EXERCISE INPUT -
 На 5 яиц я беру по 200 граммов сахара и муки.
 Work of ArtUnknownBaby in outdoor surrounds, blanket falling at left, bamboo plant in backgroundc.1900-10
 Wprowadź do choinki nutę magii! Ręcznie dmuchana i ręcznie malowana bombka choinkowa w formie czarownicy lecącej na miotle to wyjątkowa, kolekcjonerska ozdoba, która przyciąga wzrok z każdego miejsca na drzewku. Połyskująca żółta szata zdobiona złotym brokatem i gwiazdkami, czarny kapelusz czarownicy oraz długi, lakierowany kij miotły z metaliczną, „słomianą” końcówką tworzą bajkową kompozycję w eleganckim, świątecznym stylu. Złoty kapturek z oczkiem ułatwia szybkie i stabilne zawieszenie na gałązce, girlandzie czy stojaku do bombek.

...

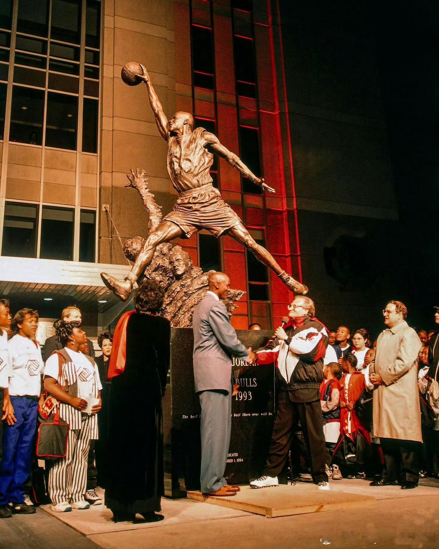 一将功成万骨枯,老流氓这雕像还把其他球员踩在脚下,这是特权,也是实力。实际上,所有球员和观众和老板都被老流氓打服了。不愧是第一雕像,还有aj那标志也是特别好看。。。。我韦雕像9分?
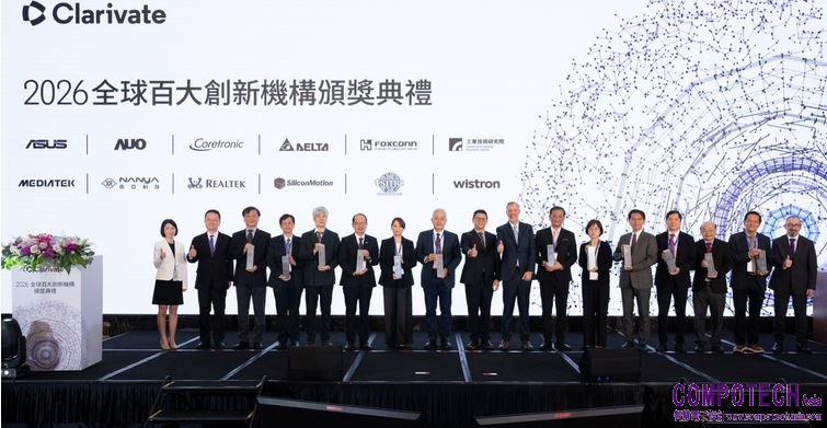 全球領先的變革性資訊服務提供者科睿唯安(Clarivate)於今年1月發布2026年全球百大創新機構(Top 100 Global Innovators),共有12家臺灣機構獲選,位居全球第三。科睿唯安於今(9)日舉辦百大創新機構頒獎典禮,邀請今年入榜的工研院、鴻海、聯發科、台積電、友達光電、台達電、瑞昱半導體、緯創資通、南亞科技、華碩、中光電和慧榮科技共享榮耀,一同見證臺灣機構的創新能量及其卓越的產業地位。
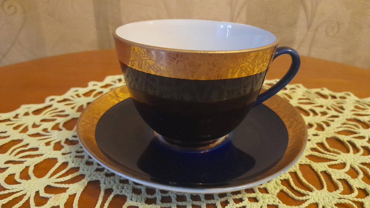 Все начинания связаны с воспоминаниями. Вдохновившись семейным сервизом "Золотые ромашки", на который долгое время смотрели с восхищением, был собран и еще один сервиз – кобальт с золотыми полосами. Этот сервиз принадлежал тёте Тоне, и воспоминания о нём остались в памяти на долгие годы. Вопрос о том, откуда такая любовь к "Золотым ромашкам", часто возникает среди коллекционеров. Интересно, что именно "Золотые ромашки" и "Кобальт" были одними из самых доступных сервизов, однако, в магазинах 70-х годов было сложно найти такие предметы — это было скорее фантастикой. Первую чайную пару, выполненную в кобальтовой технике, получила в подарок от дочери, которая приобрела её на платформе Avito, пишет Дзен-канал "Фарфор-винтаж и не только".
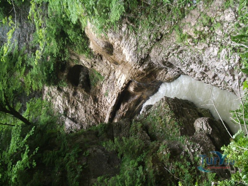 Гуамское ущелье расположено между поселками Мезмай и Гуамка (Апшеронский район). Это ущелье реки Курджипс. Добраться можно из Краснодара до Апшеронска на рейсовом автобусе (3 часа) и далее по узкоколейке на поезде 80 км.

--

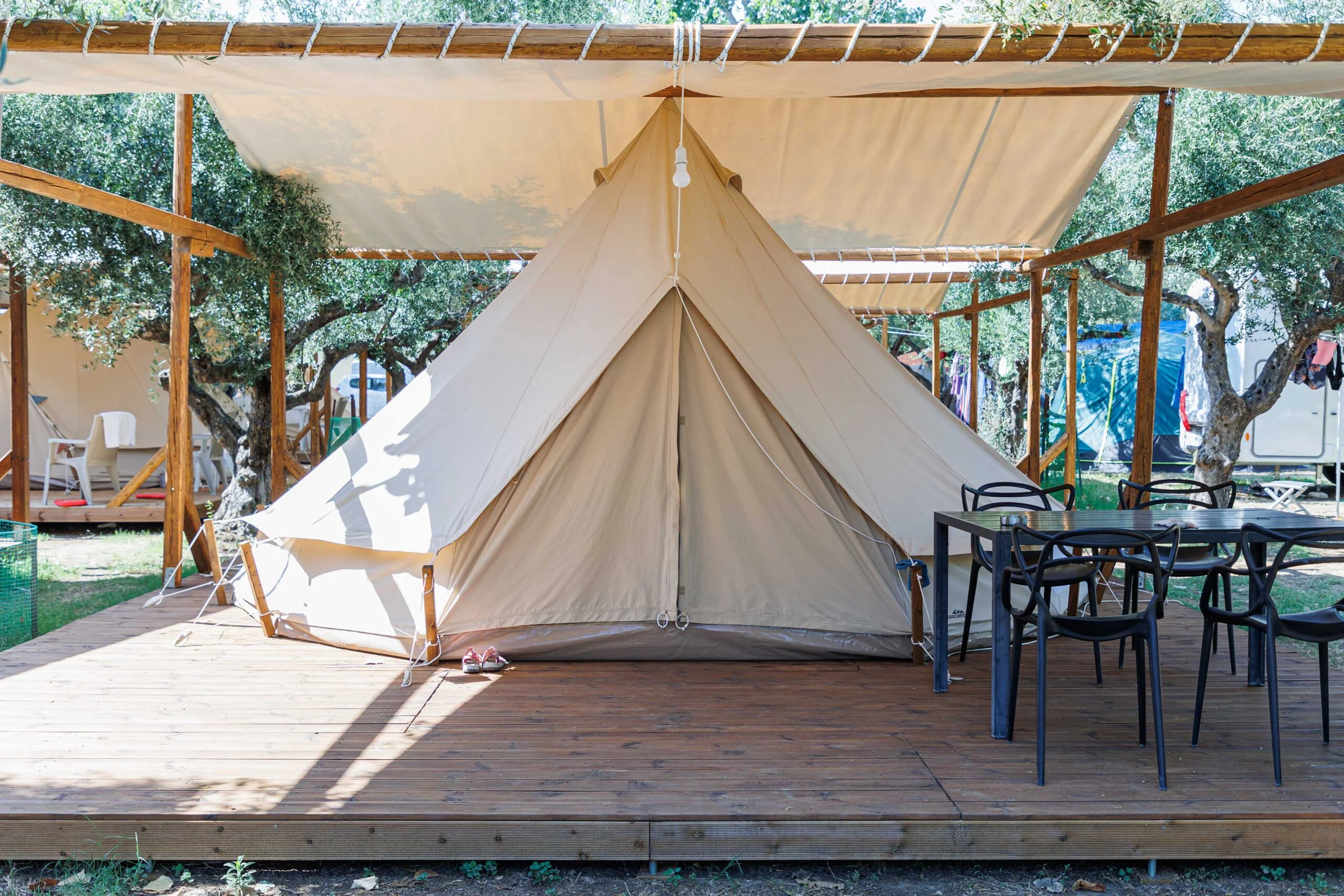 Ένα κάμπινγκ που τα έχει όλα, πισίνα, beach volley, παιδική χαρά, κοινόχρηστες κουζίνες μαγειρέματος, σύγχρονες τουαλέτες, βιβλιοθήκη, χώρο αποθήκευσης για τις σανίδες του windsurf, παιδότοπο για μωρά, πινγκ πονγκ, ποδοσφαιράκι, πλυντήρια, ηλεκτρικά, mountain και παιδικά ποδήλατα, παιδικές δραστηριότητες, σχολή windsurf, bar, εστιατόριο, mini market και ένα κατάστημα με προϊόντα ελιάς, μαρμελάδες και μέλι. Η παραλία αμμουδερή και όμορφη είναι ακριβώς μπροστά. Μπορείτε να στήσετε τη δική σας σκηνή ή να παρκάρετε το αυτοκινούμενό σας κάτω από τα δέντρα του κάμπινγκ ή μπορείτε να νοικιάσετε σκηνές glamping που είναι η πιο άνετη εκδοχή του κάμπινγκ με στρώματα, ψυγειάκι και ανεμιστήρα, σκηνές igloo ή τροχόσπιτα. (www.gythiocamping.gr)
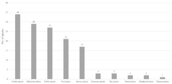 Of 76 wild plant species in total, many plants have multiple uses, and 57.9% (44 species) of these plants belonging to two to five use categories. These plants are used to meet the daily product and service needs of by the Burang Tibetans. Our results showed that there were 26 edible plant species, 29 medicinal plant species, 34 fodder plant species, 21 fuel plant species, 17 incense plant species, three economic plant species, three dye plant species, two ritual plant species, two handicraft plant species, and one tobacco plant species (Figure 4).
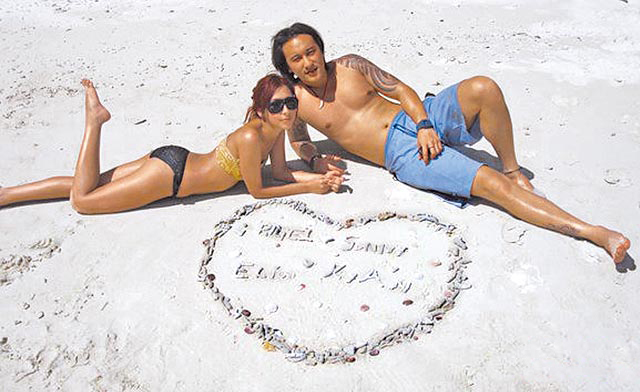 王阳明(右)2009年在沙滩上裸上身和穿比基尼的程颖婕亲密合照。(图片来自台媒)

WHAT YOU NEED TO DO -
Write back the stretch of lines above that begins with the line holding "Ένα κάμπινγκ που" and ends with the line holding "王阳明(右)2009年在沙滩", both included, exactly as written. Pictures stay out.

ANSWER SECTION -
 Ένα κάμπινγκ που τα έχει όλα, πισίνα, beach volley, παιδική χαρά, κοινόχρηστες κουζίνες μαγειρέματος, σύγχρονες τουαλέτες, βιβλιοθήκη, χώρο αποθήκευσης για τις σανίδες του windsurf, παιδότοπο για μωρά, πινγκ πονγκ, ποδοσφαιράκι, πλυντήρια, ηλεκτρικά, mountain και παιδικά ποδήλατα, παιδικές δραστηριότητες, σχολή windsurf, bar, εστιατόριο, mini market και ένα κατάστημα με προϊόντα ελιάς, μαρμελάδες και μέλι. Η παραλία αμμουδερή και όμορφη είναι ακριβώς μπροστά. Μπορείτε να στήσετε τη δική σας σκηνή ή να παρκάρετε το αυτοκινούμενό σας κάτω από τα δέντρα του κάμπινγκ ή μπορείτε να νοικιάσετε σκηνές glamping που είναι η πιο άνετη εκδοχή του κάμπινγκ με στρώματα, ψυγειάκι και ανεμιστήρα, σκηνές igloo ή τροχόσπιτα. (www.gythiocamping.gr)
 Of 76 wild plant species in total, many plants have multiple uses, and 57.9% (44 species) of these plants belonging to two to five use categories. These plants are used to meet the daily product and service needs of by the Burang Tibetans. Our results showed that there were 26 edible plant species, 29 medicinal plant species, 34 fodder plant species, 21 fuel plant species, 17 incense plant species, three economic plant species, three dye plant species, two ritual plant species, two handicraft plant species, and one tobacco plant species (Figure 4).
 王阳明(右)2009年在沙滩上裸上身和穿比基尼的程颖婕亲密合照。(图片来自台媒)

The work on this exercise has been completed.